Сухощавый тип глянул холодно:
- Все вы понимаете, Андрей. Пропали люди. Их ищут. Все предельно просто.
- А я-то причем?! Я к этому патрулю, враз сгинувшему, какое отношение имею? Чем я помочь могу? Старую канализацию отыскать? Глупости какие.
- Остатки канализационного коллектора, по которым уползают коварные злоумышленники, в нашем случае действительно маловероятны. Но остальные ваши выводы не столь логически безупречны. Во-первых, пропал не патруль. Товарищ Синельщиков отчего-то постеснялся назвать вещи своими именами. Пропала засада. Люди подготовленные и хорошо вооруженные. Вы к произошедшему отношения не имеете. Но имеете прямое и непосредственное отношение к истории "Боспора". Следовательно, можете помочь.

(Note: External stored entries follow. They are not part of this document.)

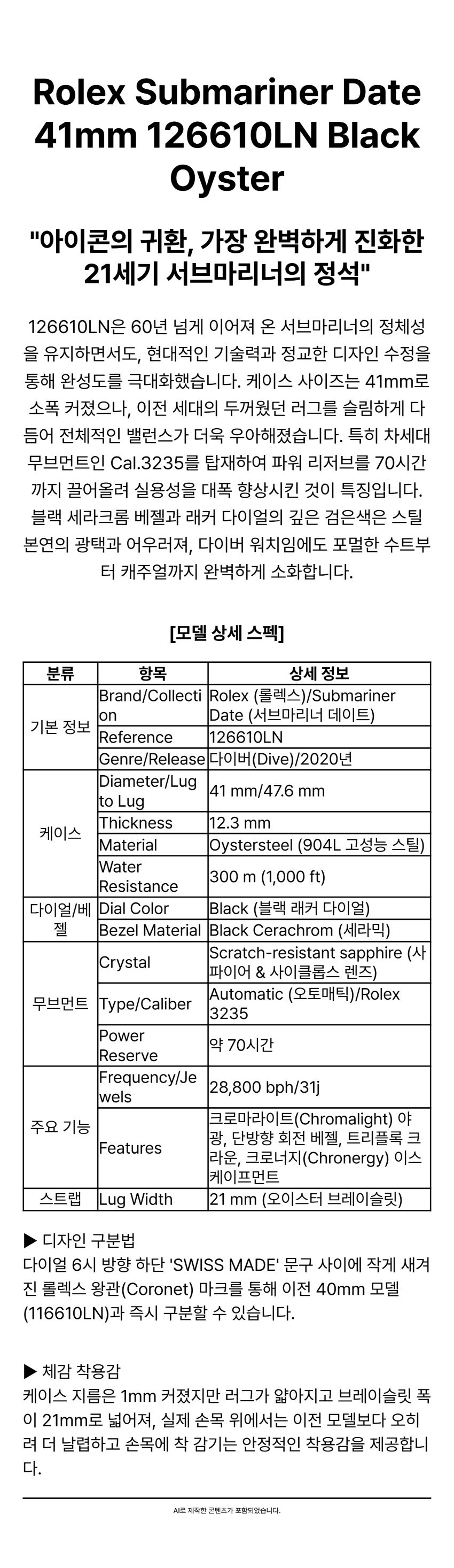 롤렉스 서브마리너 데이트 41mm 126610LN 블랙 오이스터
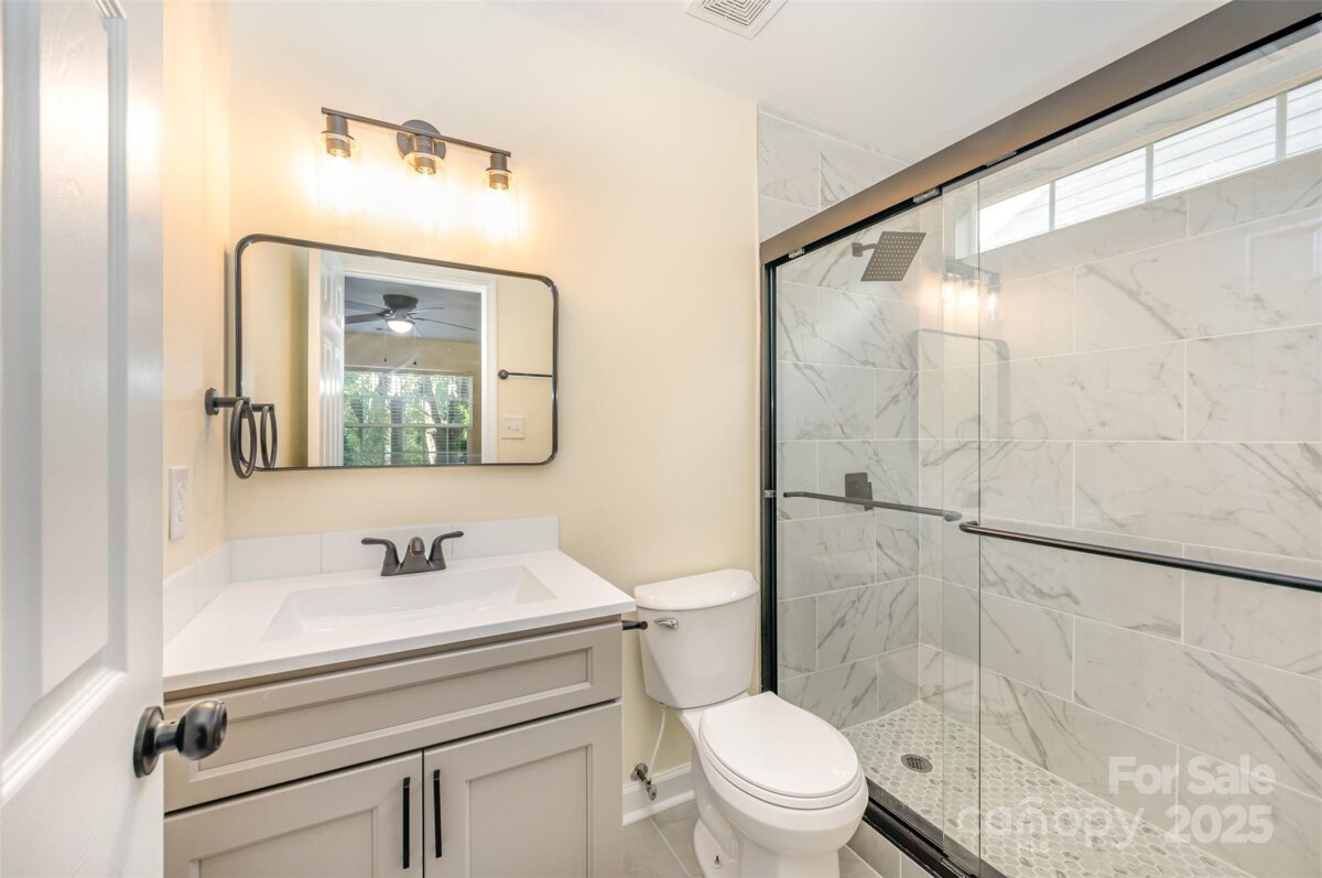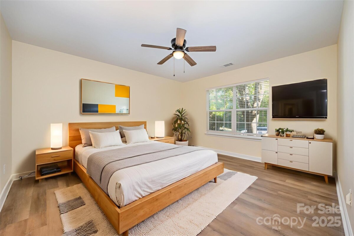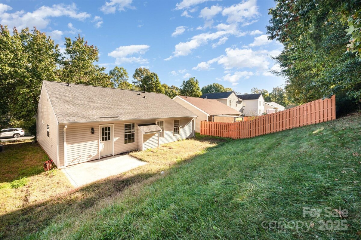 Beautifully bright and renovated ranch style home with private backyard space inside the I-485 loop. Home has been recently updated with fresh paint & luxury vinyl plank flooring and modern finishes throughout. Enter past the formal entryway and front facing guest room into the open living, dining & kitchen plan. Living room has focal gas fireplace and recessed lighting that leads into the gourmet kitchen. Fresh grey cabinets with slate black finishes plus matching S.S appliances, granite counters & kitchen island with bar seating make hosting family & friends a dream. Primary bedroom has attached full bath with beautiful glass & tile walk-in shower plus walk-in closet. 2 additional guest rooms could also be used as a home office space plus a full bath with upgraded vanity is perfect for family & guests. Back patio great for grilling overlooks the backyard space with rear tree-lining for privacy. Property is located just minutes from shops, restaurants & grocery stores making this the perfect single family home or addition to your investment portfolio. UPDATES INCLUDE HVAC & NEW ROOF + FRESH PRESSURE WASHING.
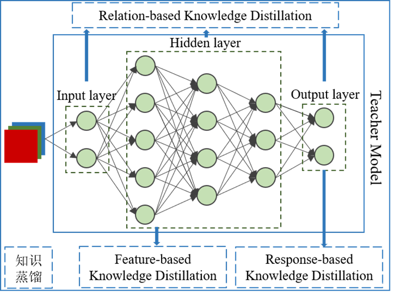 最早是由Hinton等人在2015年提出该方法[125],创新性地提出了一个带有蒸馏温度T的Softmax函数来软化教师模型逻辑层的输出,使得学生模型的监督信息一部分来自教师模型的软标签,另一部分来自原训练数据的硬标签,调整软标签的权重系数来改变教师模型对学生模型的指导作用,最终在分类网络上实现了较好的蒸馏效果。Hinton等人提出的该蒸馏方法属于基于响应的蒸馏,随后在该工作的基础上,又陆续有研究人员提出了基于特征的以及基于关系的蒸馏方法,这三种蒸馏方法之间的关系如图1.8中所示。
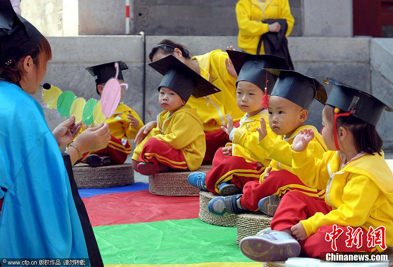 9月23日,北京朝陽東方子楹雙語幼兒園將國學(xué)課堂開進(jìn)了國子監(jiān)孔廟,199名小朋友圍坐在一起上國學(xué)課、做國學(xué)操。孩子們用童聲朗誦著《弟子規(guī)》、《百家姓》、《三字經(jīng)》等國學(xué)力作,大班的幼兒還練起了中國功夫。圖為小朋友圍坐在一起上國學(xué)課、做國學(xué)操。歐陽曉菲 攝 圖片來源:CFP視覺中國
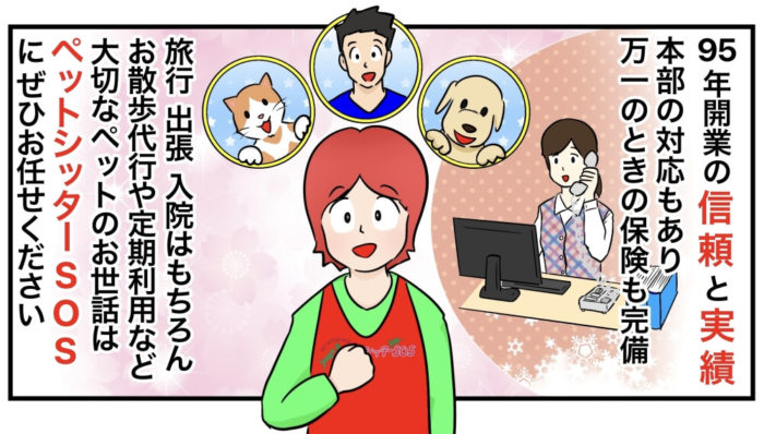 というトラブルも想定して、シッターさん以外にも窓口がある「組織力」で選ぶのも、安心確保のための一つの選択基準となります。
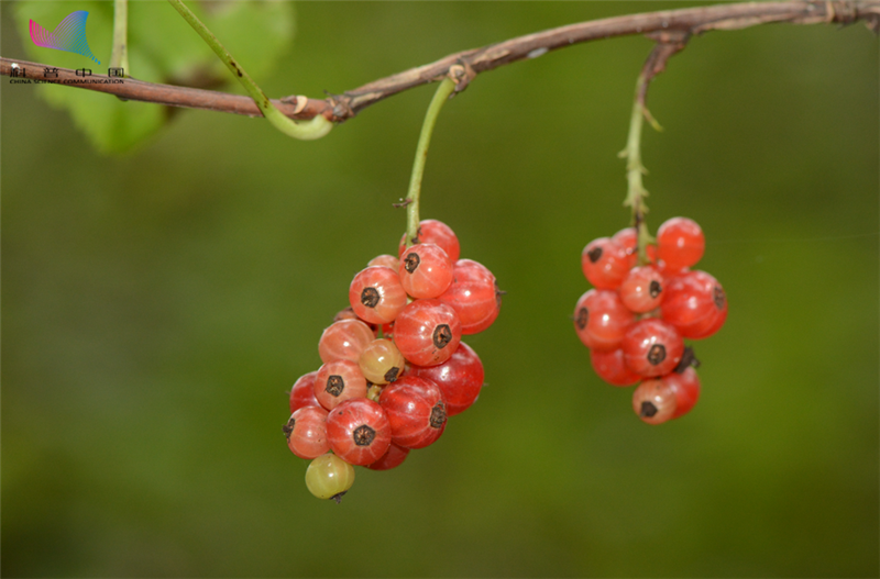 具有红艳艳浆果的东北茶藨子,其人工栽培近缘品种是水果蛋糕上常见的点缀,俗称醋栗。(沐先运摄)

- Черт! Не хрена не понимаю. Прямо можете сказать?
- Моя бы воля, только прямо и говорил бы, - Александр Александрович вздохнул. - Только прямо говорить не получается. Я пробовал. Знаете, Андрей, закурите моих, - от вашей "Явы" горло даже у меня дерет. Совершенно разучились делать. А ведь были времена…
Андрей в легкой оторопи взял темную сигарету, вдохнул богатый дым.
- Так вот, - Александр Александрович сощурился на "пробку" у перекрестка. - Вы меня постарайтесь не перебивать хотя бы минуту, или две. Напрямую многие вещи странно выглядят. Вы заметили, что мы с вами в узком кругу общались? Синельщиков не в счет, - он по долгу службы присутствует. Бабуля ваша, - молодец, - старой закалки дама. А вот начальник местной службы безопасности позавчера скоропостижно уволился и спрятался в клинике на Митинском шоссе. Его зам предусмотрительно дал деру еще восемь дней назад. У него заболела родственница жены. Аж в Белоруссии проживает бедная женщина. Рядовые сотрудники бросили трудовые книжки и невыплаченную зарплату и покинули вверенный им объект позавчера. Осталось четверо. Те, что стоянку охраняли, теперь за главным входом приглядывают. Внутрь не заходят даже погреться. Менеджеры, кассиры, бармены, контролеры билетов, - не осталось никого. Исполнительный директор обещал царские премиальные, - не нашлось желающих. Правда, сам исполнительный директор грипп подхватил и руководит из дома. Электрики и прочие эксплуатационники приходят раз в день под охраной милиции. В общем, - у всех "троюродная гомельская тетка захворала". Забавно, но не очень. Призраки у нас здесь, видите ли, завелись. Предрассудок вопиющий, но народ проникся по полной программе. Привидения и потусторонние звуки всем чудятся. Между прочим, из обслуживающего персонала за этот год никто не пострадал. В кинотеатре, как вы знаете, много звуков. И вот их начали считать зловещими. Натуральное нашествие привидений. Эпидемия.